Саше было даже приятно, что Розочка потащила Алину в ванную. Показывать. Это была гордость квартиры, она и ему самому очень нравилась. Ведь он сам ее планировал, сам снес стенку, разделявшую ванную с туалетом, убрал маленький, соединявший их коридорчик. Она была отделана светлой, двух тонов, испанской плиткой.
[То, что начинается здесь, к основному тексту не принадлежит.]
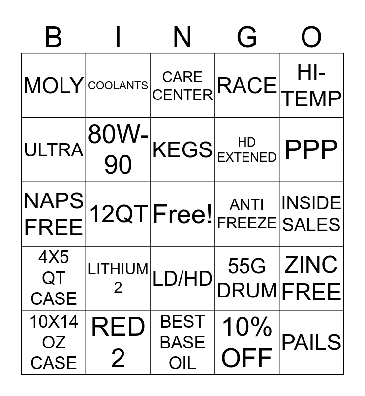 This bingo card has a free space and 24 words: LITHIUM 2, RED 2, KEGS, 10X14 OZ CASE, HI-TEMP, MOLY, ULTRA, COOLANTS, ANTI FREEZE, LD/HD, HD EXTENED, NAPS FREE, 55G DRUM, ZINC FREE, 80W-90, 10% OFF, INSIDE SALES, CARE CENTER, PPP, 12QT, PAILS, 4X5 QT CASE, RACE and BEST BASE OIL.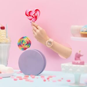 Satisfy your sweet tooth with this candy-colored watch featuring a matte finish and translucent bezel. With shock resistance and 100-meter water resistance, it combines playful design with everyday practicality.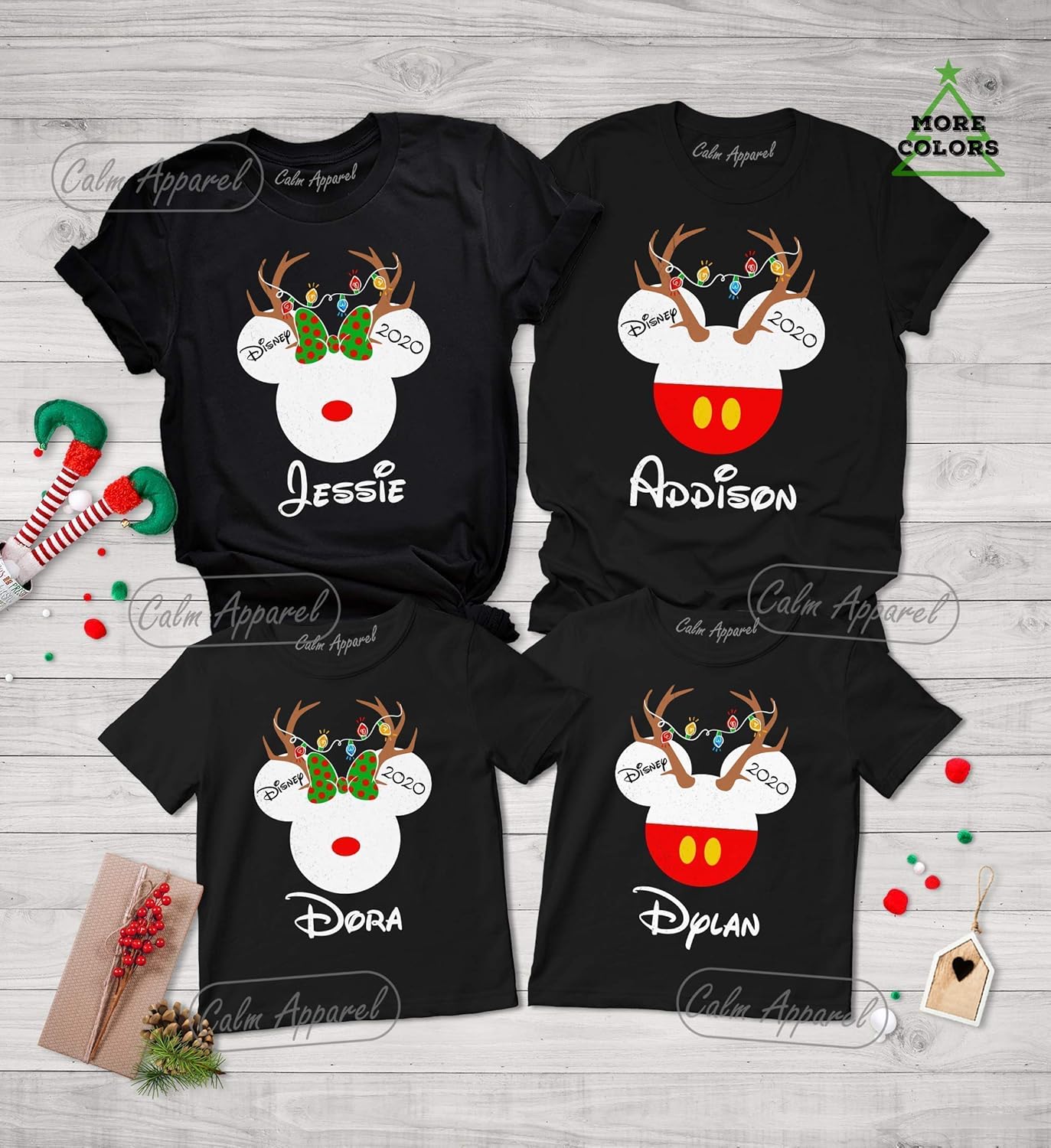 Christmas Family Shirts Matching Minnie Mouse Tee Xmas Holiday Gifts Long Sleeve Graphic T Shirt Personalized Mom Dad Youth Kids Pajama Tops Women T Shirts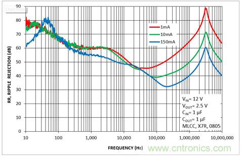 b)輸入電壓的快速變化(通常是由DC-DC轉(zhuǎn)換器的輸出電壓紋波引起的)無法通過控制回路完全過濾,于是輸入電壓的變化會(huì)一定程度地反映在輸出電壓中,該參數(shù)稱為電源抑制比(PSRR),且通常是頻變參數(shù)。一些制造商標(biāo)示的PSRR為負(fù)數(shù),有些則為正數(shù)。一般而言,PSRR絕對(duì)值越高,從輸入到輸出的傳輸干擾信號(hào)就越少。通常情況下,受到干擾的輸入電壓會(huì)以mV或更低的單位級(jí)別傳輸至輸出端。相似地,輸入電壓的快速變化(即“線路瞬態(tài)響應(yīng)”)可發(fā)生于LDO輸出端。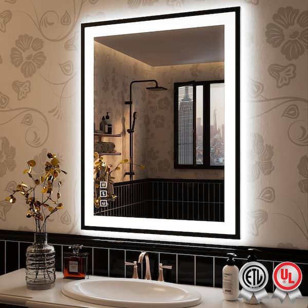 32 in. W x 24 in. H Rectangular Framed Anti-Fog LED Wall Bathroom Vanity Mirror in Black with Backlit and Front Light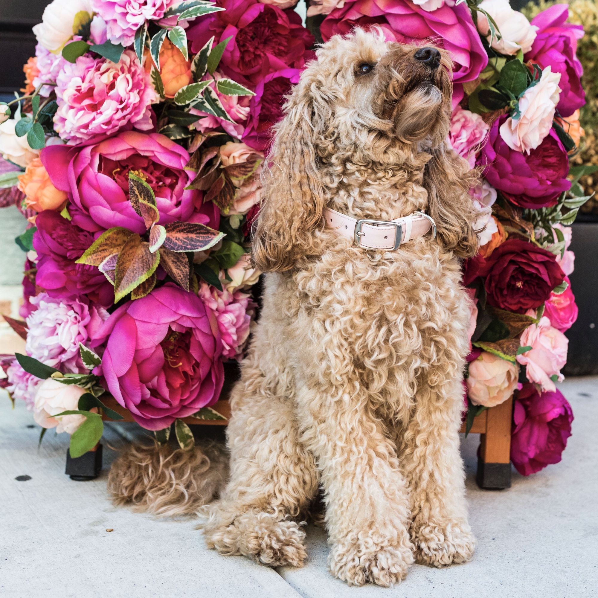 This perfect peach walk set is another summer must-have. This Fi compatible collar and matching leash feature stainless steel, rust-free hardware, buckles that are jam-free from sand and dust, and are mildew and odor free. The collar also has webbing behind the module, offering even more strength and durability on your summer adventures. This is your exclusive Fi dog sneak peak of this hot summer design... this peach print is coming to Designs By Wildside very soon :)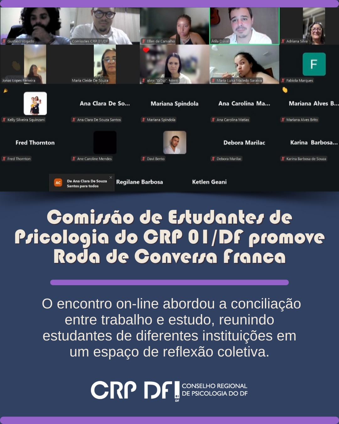 “A Comissão Especial de Estudantes de Psicologia do CRP 01/DF realizou, no dia 4 de março, a primeira Roda de Conversa Franca on-line sobre conciliação entre trabalho e estudo, reunindo estudantes de diferentes instituições e semestres em um importante espaço de escuta, troca de experiências e reflexão coletiva.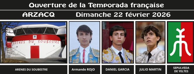 Sous les caméras de Canal Sur TV, sa personnalité, son temple et sa planta taurine lui ont valu de couper les deux oreilles et la queue de son novillo de Garcigrande et d’être déclaré vainqueur face à 11 autres prétendants. Sélectionné pour le Zapato de Plata d’Arnedo, de l’Alfarero de Plata de Villaseca et avant de se produire à Valdemorillo en mars, Armando ROJO sera à suivre avec beaucoup d’intérêt pour sa présentation dans les arènes arzacquoises…
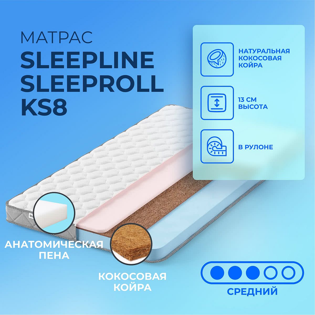 Матрас «Sleepline SleepRoll KS8» — средней жесткости, которая подходит большинству людей среднего телосложения. Это — оптимальный выбор и детям, и взрослым, и пожилым людям.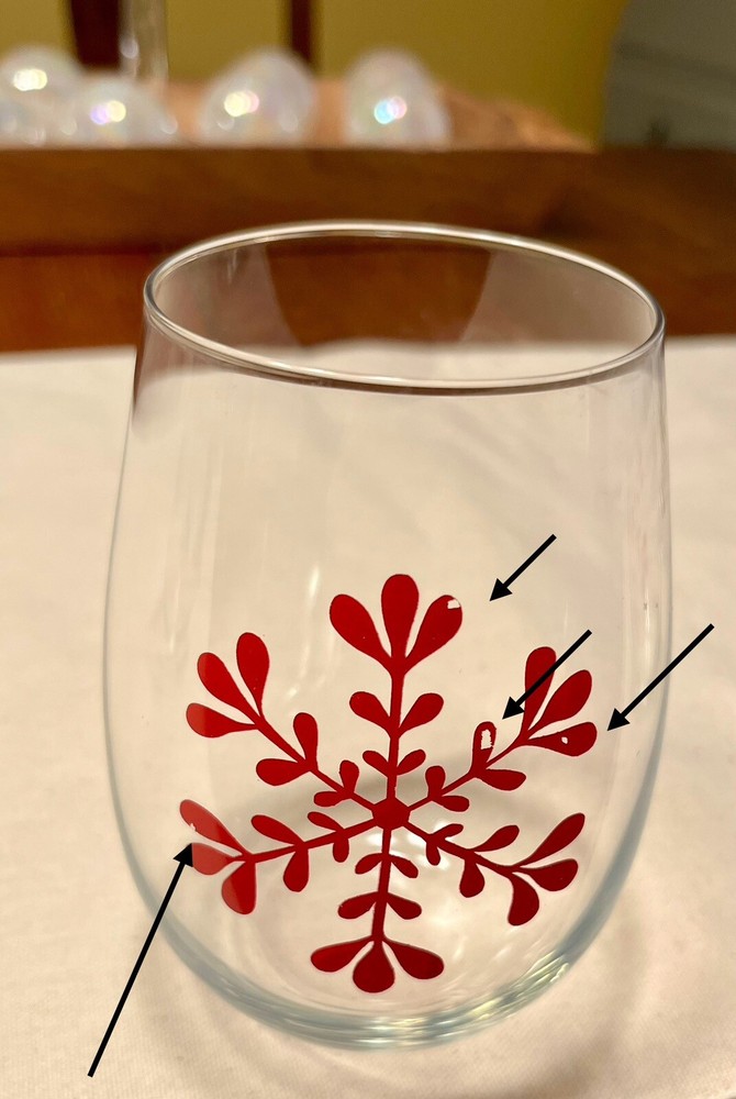 These cute wine glasses are perfect for the holidays. Please note snowflake on 2 glasses are slightly worn. Please see pics for accurate representation of condition. Stored in a smoke free, pet free home.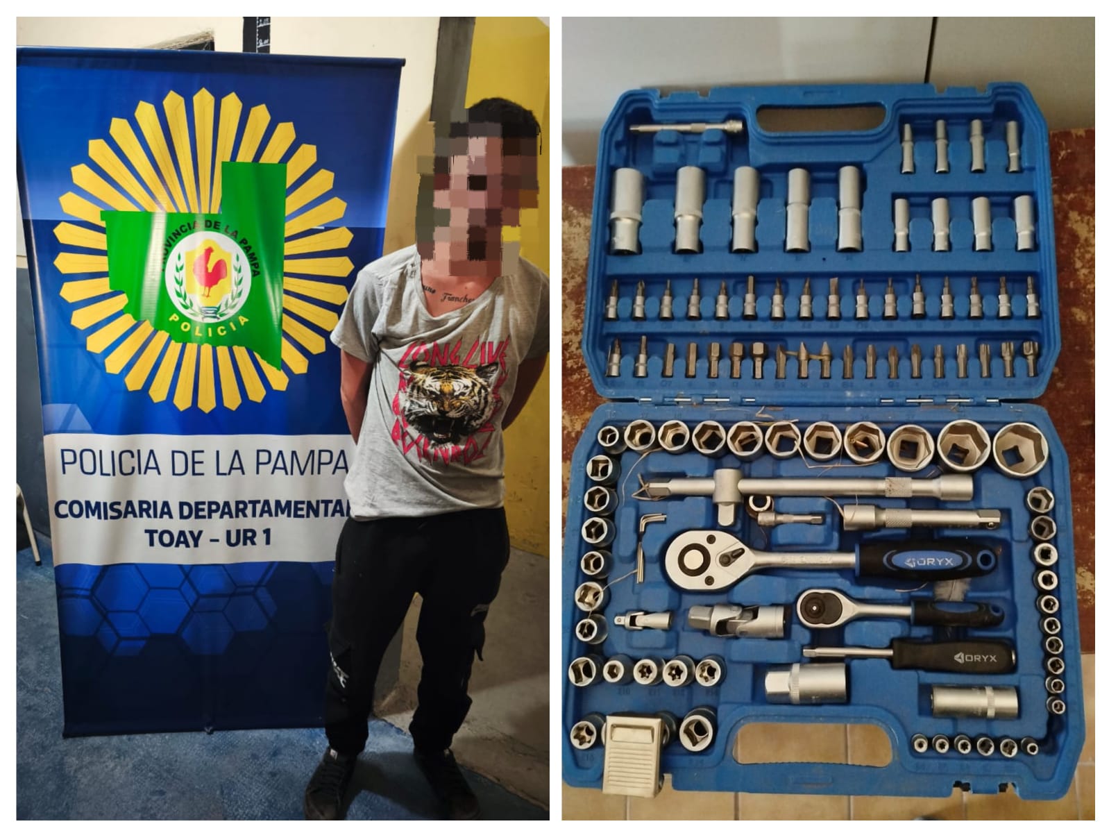 Un joven de 21 años, de Toay, fue demorado dos veces en un lapso de tres horas: primero por causar molestias a vecinos e intentar agredir a la Policía y, luego, por robar una caja de herramientas de una vivienda.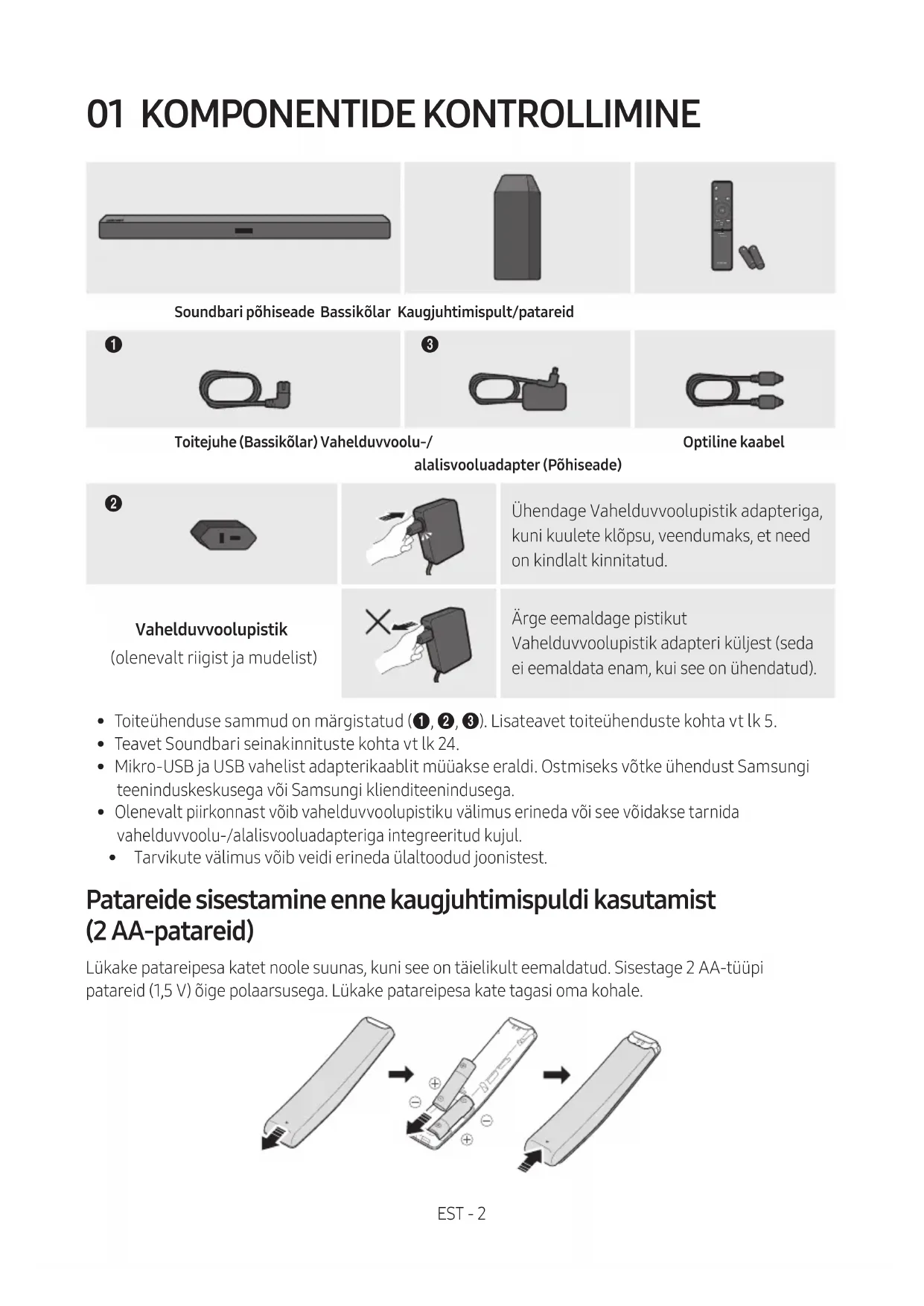 Klienditoekeskusesse pääsemiseks skannige QR-koodi. Juhendi vaatamiseks arvutis või mobiilsideseadmes laadige see veebisaidilt dokumendivormingus alla. (http://www.samsung.com/support) Disain ja tehnilised andmed võivad muutuda ilma ette teatamata.EST - iv SISUKORD 01 Komponentide Kontrollimine 2 Patareide sisestamine enne kaugjuhtimispuldi kasutamist (2 AA-patareid) ------------------------- 2 02 Toote Ülevaade 3 Soundbari esipaneel / parempoolne paneel ------------------------- 3 Soundbari alumine paneel ------------------------- 4 03 Soundbari Ühendamine 5 Elektritoite ühendamine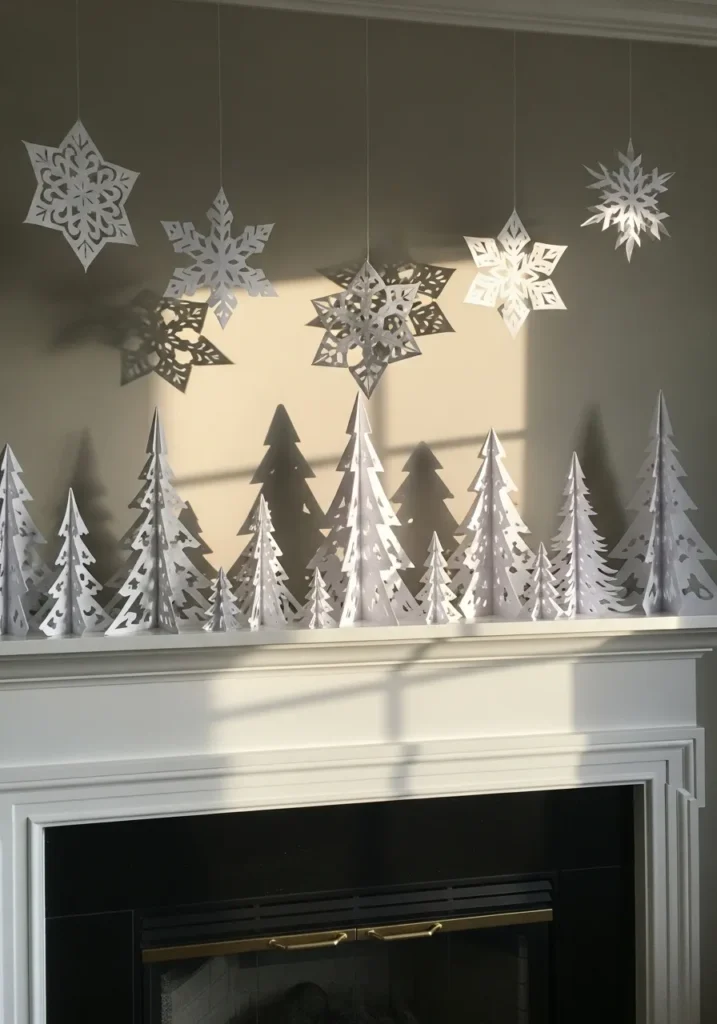 This charming display turns the mantle into a miniature Christmas village made entirely from white paper cutouts. Each tiny house and pine tree catches the soft daylight, while twinkling fairy lights add a subtle sparkle that makes everything look magical.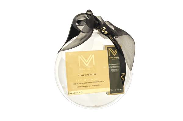All’interno della confezione regalo troviamo una crema anti-invecchiamento tecnologicoda 50 ml e, in omaggio, un campione da 15 ml di gel contorno occhi, entrambi della lineaTIME EXPERTISE, pensata per rallentare il processo di invecchiamento tecnologico. Questi prodotti mettono in campo l’attività sinergica di due principi attivi altamente specifici di origine naturale: uno antiossidante, contro l’inquinamento atmosferico, che mantienel’integrità e la vitalità cellulare, l’altro contro le radiazioni elettromagnetiche responsabili del riscaldamento della pelle con conseguente diminuzione del collagene e calo di elasticità.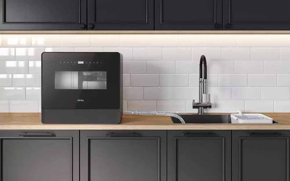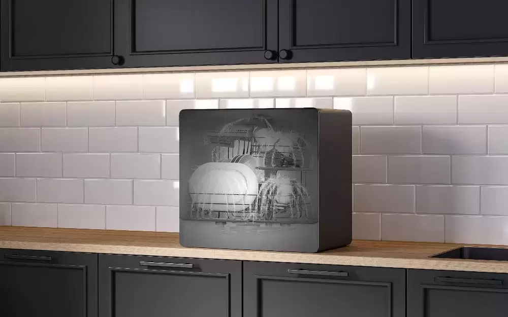 Отдельностоящая модель Кертинг отлично впишется в кухонный интерьер, главное — правильно выбрать место, чтобы подвести коммуникации. Компактные размеры позволяют разместить ее даже на очень маленькой кухне. В камеру можно загрузить ограниченное число комплектов: 5 шт. Комплектом считается набор посуды на одного человека, который нужен для полноценного приема пищи: глубокая и плоская тарелки, тарелка для салата, блюдце под чашку, сама чашка, ложка и вилка.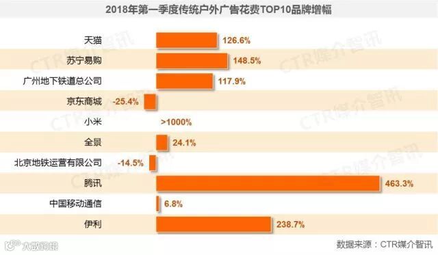 ● 食品饮料行业在传统媒体的广告花费增幅明显,食品行业中的保健食品,饮料行业中的婴幼儿奶粉、茶饮料的增投明显。网站和手机软件在户外生活圈媒体的广告投放增幅较大。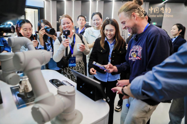 Members of a foreign media delegation toured the Shenzhen Science and Technology Museum on November 26, enjoyi...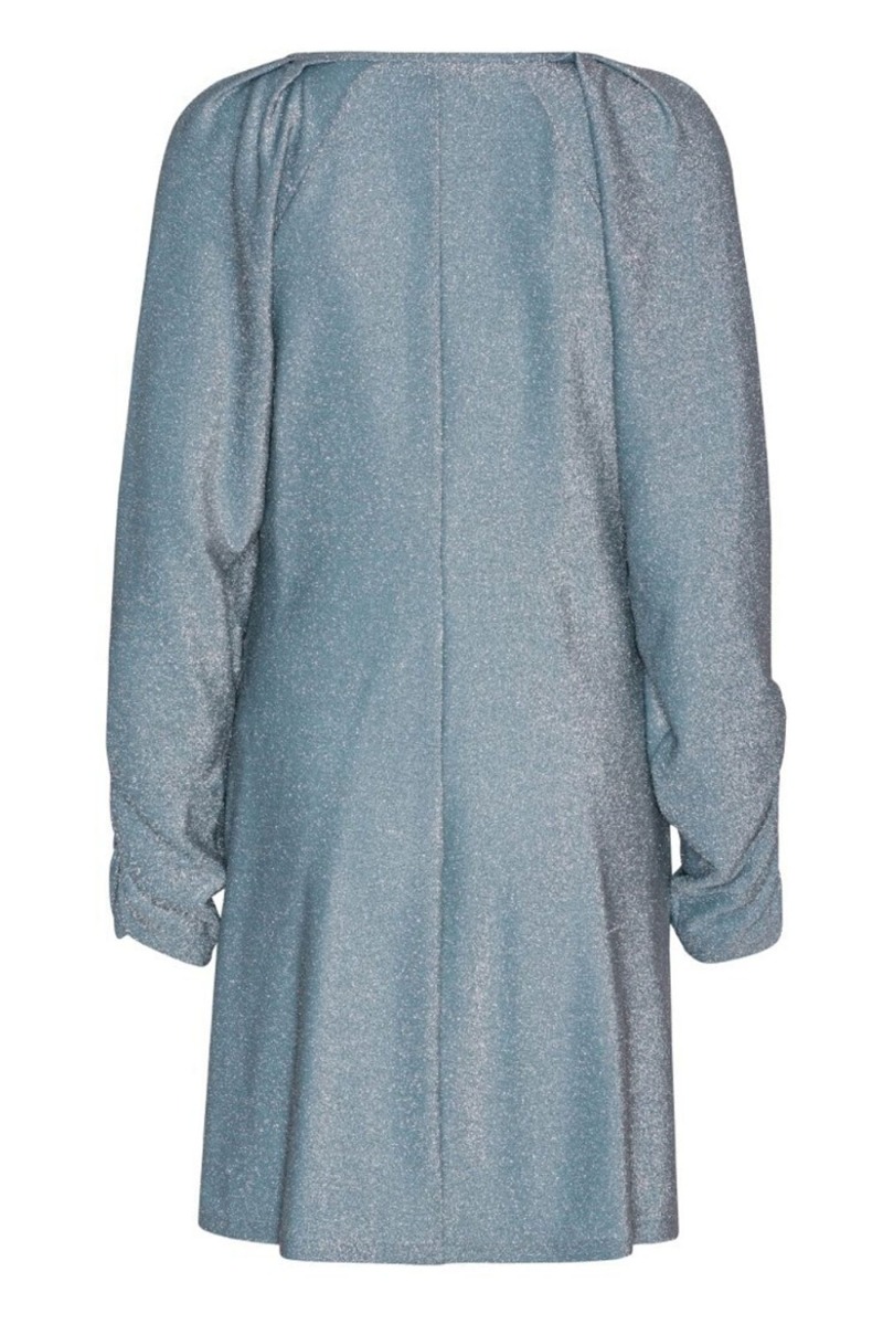Den lækreste kvalitet er denne kjole lavet i fra A-View. Det er med masser af stræk og har fin med glimmereffekt i sig. Glimmereffekt er en tynd tråd der er vævet ind i stoffet så det ikke drysser eller falder af i vask. Kjolen er med lange ærmer og har V hals samt en rynke detalje ved brystet. Den findes også i sort.

Из гипсокартона рабочие под бдительным руководством Саши соорудили трехуровневый потолок, нашпиговав его красивыми золотыми встроенными подсветками. В дальнем левом углу стояла большая гидромассажная ванна, напротив нее «мойдодыр» с большим зеркалом и тумбой. Остальные предметы мы оставим без внимания, по крайней мере до того момента, пока не приспичит или в них не возникнет другая физиологическая потребность.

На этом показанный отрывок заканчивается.